A lush garden and courtyard connect the historic with the new building with direct visual connection to the shops and restaurants of downtown Beverly Hills. The Sculpture Garden and Promenade Terrace will be open to the public on most days, adding much needed green space in an urban jungle. A public walkway will allow visitors to walk from City Hall through the site towards the shopping areas.
At one point, prior to SPF:a’s involvement in the project, conventional wisdom was to place the new performing arts venue within the walls of the historic post office building, and to create a small annex on the site to house the educational components of the program. Instead, SPF:a did the reverse, taking the smaller programmatic elements such as the rehearsal hall, classrooms, and administrative offices and locating them into the three level historic building, where they fit nicely and snuggly. The plan preserves and celebrates the historic architecture, as well as affords the Center the opportunity to create a new, state-of-the-art, flexible performing arts facility with ample back-of-house amenities.

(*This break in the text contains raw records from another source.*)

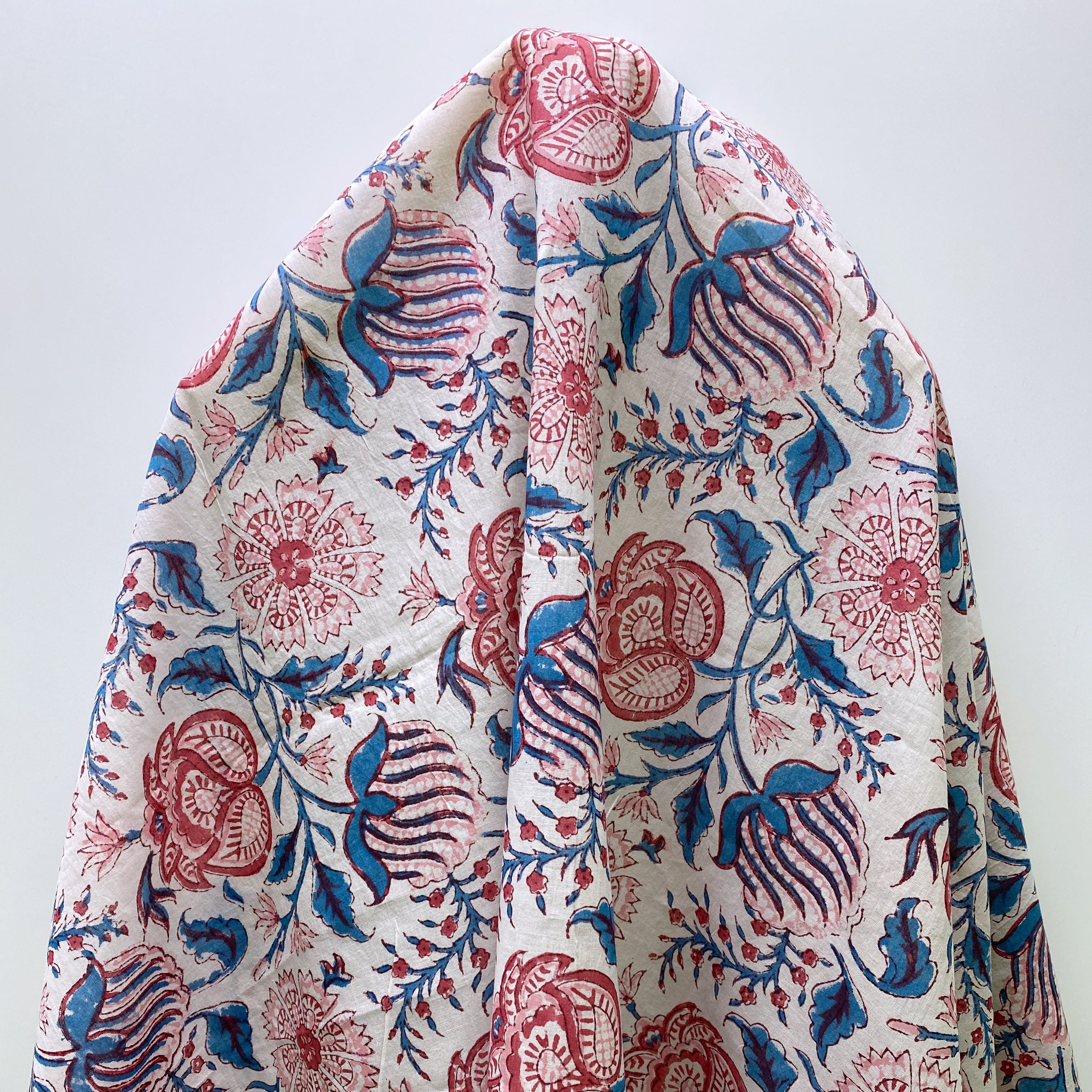木製の型を手で押し当てながら色柄を重ねていくインドの伝統的なプリント生地です。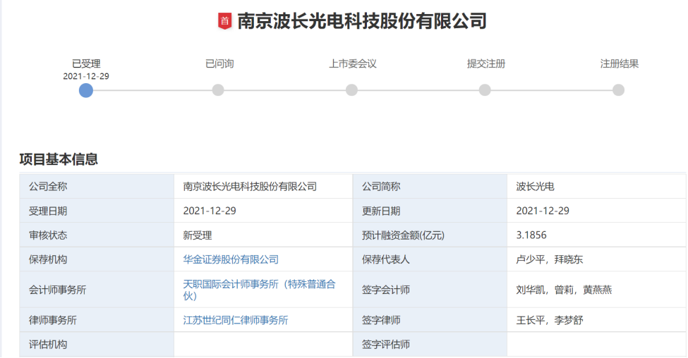 12月29日,南京波长光电科技股份有限公司申请在创业板上市已获受理。华金证券股份有限公司为其保荐机构。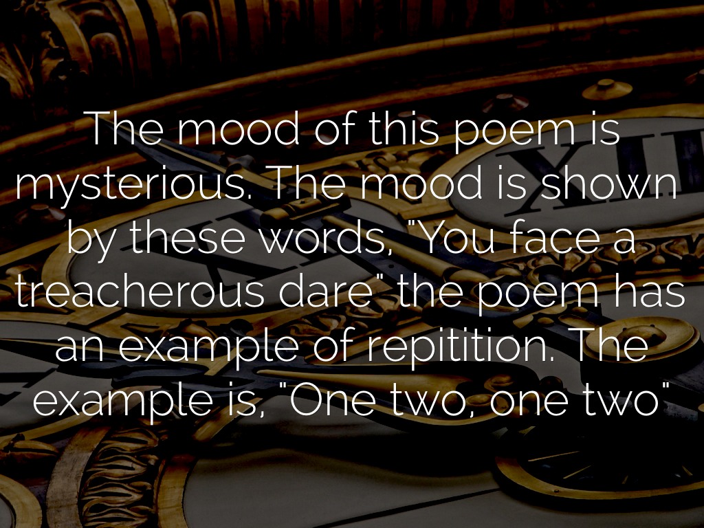 The mood of this poem is mysterious. The mood is shown by these words, "You face a treacherous dare" the poem has an example of repitition. The example is, "One two, one two"
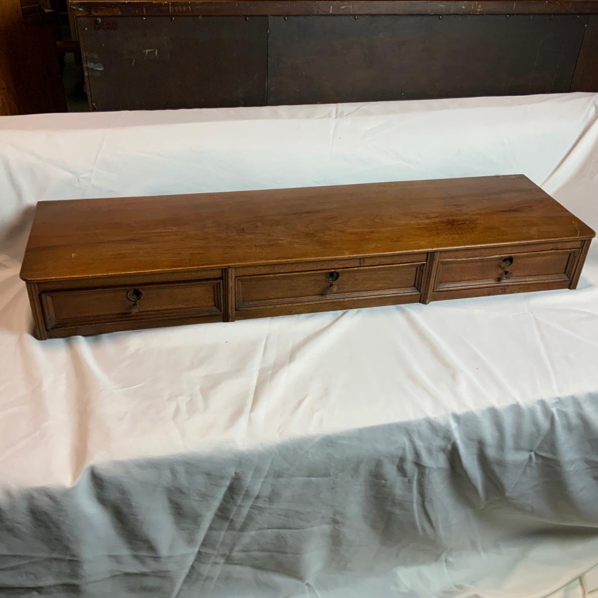 Desk Top Drawer Organizer. Clean it up put it on your desk and enjoy the additional storage. It’s also a good idea. If you’re using a computer monitor to have that raised to I love all this will help with eye strain. //::\\ Please see photos for details and condition. No attempt has been made to hide any imperfections. All items listed in this auction are warehouse items, and need to be cleaned. A majority of the items need restoration as well. All items are sold AS IS and WITHOUT GUARANTEE. If you are uncertain about an item, DO NOT BID. Due to the nature of this online auction in-person inspection is HIGHLY recommended. All Sales are FINAL. Pick Up Times are FIRM. Please confirm with your own schedule that you can pick up in the scheduled times listed in the Terms and Conditions. Any questions please message the auctioneer. DO NOT Contact The Harp Gallery.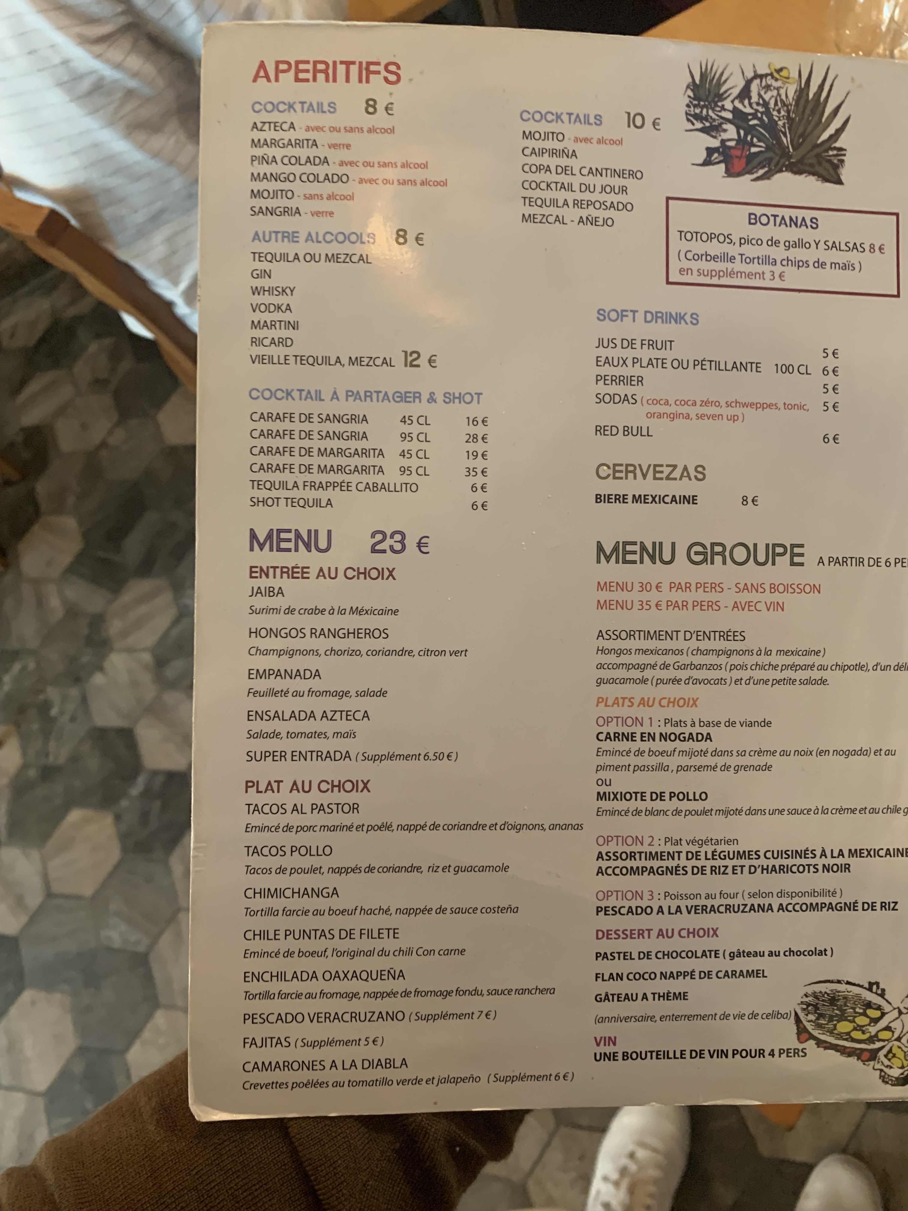 Le restaurant a changé de propriétaire et depuis c'est devenu du grand n'importe quoi. Les prix ont changé, si tu réserves via lafourchette ils timposent un menu restreint alors qu'ils n'ont pas le droit (ce n'est tout simplement pas mentionné sur lafourchette). Personnellement on a préféré laisser tomber les -20% de lafourchette pour pouvoir choisir tranquillement sinn c'était ridicule ce qu'ils proposaient dans l'autre menu. Mais au final grande déception, les plats étaient pas goûteux, on nous a servi 2 petites tortillas pour les fajitas (ce qui est très peu bien sûr) quand tu en redemandes ils te disent que c'est en supplément... Le tres leches était horrible limite immangeable. Enfin bref, j'y retournerai pas. Dommage c'était un très bon restau il y a quelques années

Celebrating the history of the site, the skin of the new Goldsmith Theater is an abstraction of the millions of letters and envelopes that once defined this historic site – formed in copper-colored concrete panels. A 4 foot by 9 foot envelope-shaped panel is repeated across the façade. The result is a beautiful abstract textural pattern, engraved into a copper skin. Each envelope is slightly different: some flat, some closed, some open, some turned front side out, and some turned to their backs. The direction not only creates symbolism in its architecture, but an abstract composition and a piece of art.
The skin folds in response to the street and existing building on the site. The skin also conceals the mechanical equipment of the building. As it wraps around the building it modulates its construction to create a cohesive figure out of the building masses that otherwise would be perceived as separate elements.
What was once a hub of private personal communication becomes a center for art and education. In doing so, the Center embodies the invisible monumentality of the process of mail distribution, creating a resonance with its new function as a center for the processing and distribution of culture.